*Exercise description*. Among the entries below, the lines from the one with "and rotational body" up to and including the one with "по планировке территории" are to be restated exactly, without pictures.

*Data supplied*.
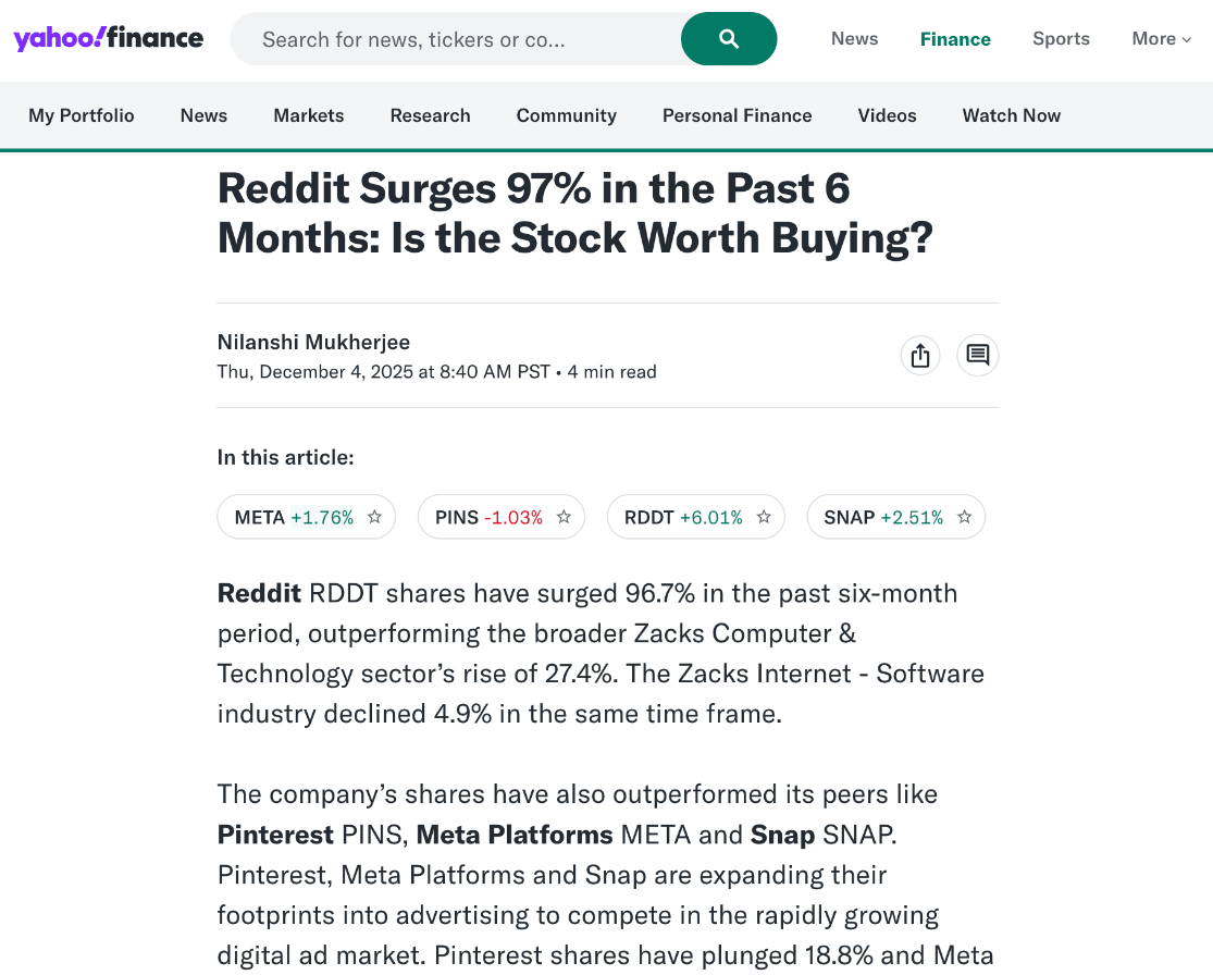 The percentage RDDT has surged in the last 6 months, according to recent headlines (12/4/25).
==
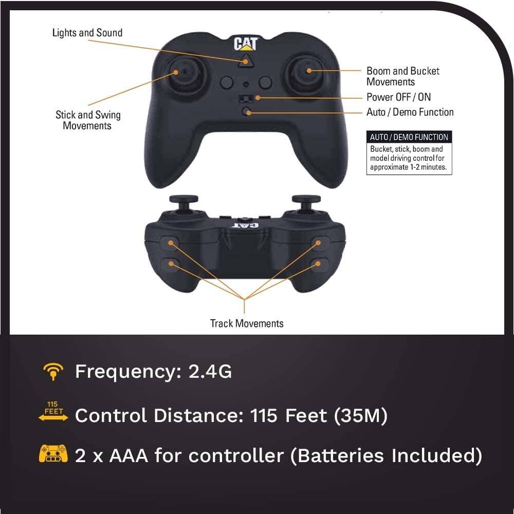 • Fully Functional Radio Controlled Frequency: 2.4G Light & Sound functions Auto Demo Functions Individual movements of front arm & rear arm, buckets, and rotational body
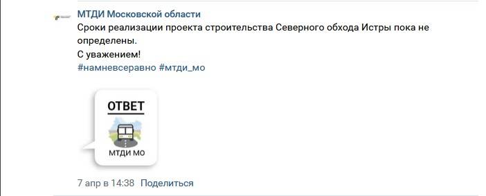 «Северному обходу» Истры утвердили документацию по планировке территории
==
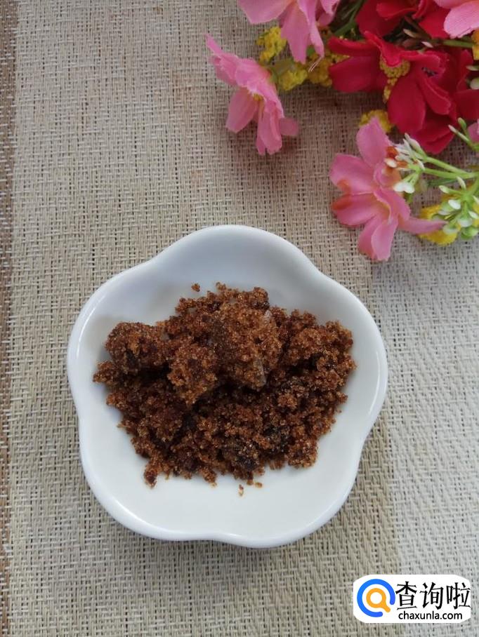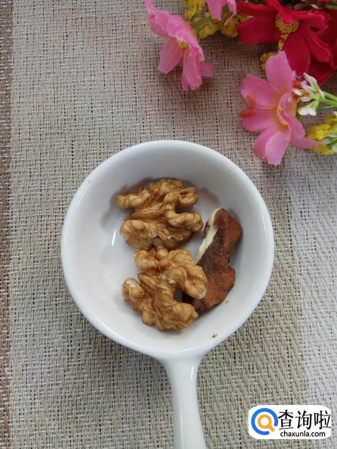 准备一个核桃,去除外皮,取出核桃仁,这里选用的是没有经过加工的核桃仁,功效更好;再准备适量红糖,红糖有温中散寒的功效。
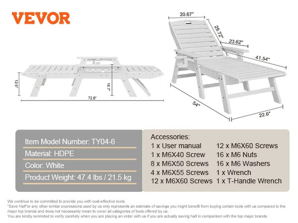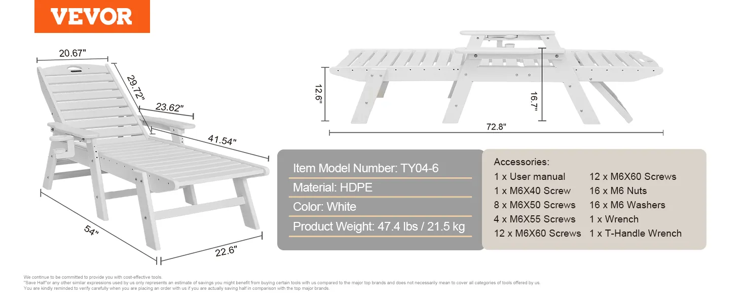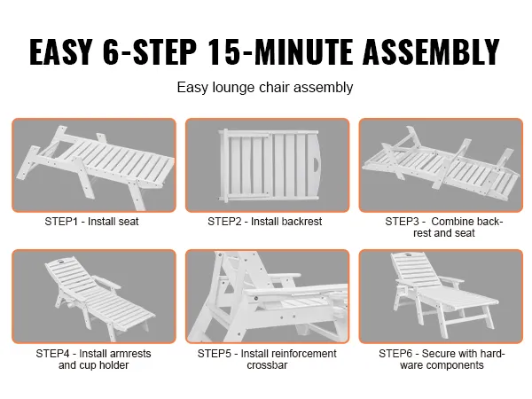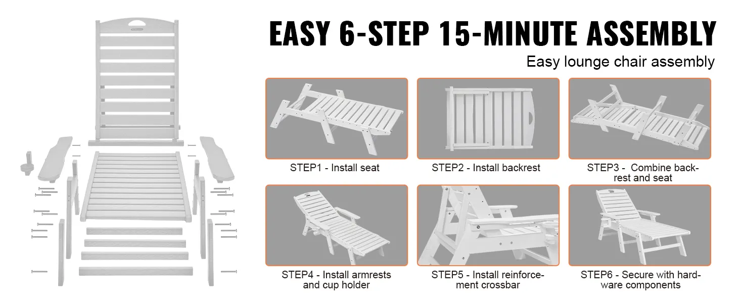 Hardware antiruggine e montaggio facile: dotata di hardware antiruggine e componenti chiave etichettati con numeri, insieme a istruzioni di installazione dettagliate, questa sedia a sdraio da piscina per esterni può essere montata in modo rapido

*Exercise result*.
 • Fully Functional Radio Controlled Frequency: 2.4G Light & Sound functions Auto Demo Functions Individual movements of front arm & rear arm, buckets, and rotational body
 «Северному обходу» Истры утвердили документацию по планировке территории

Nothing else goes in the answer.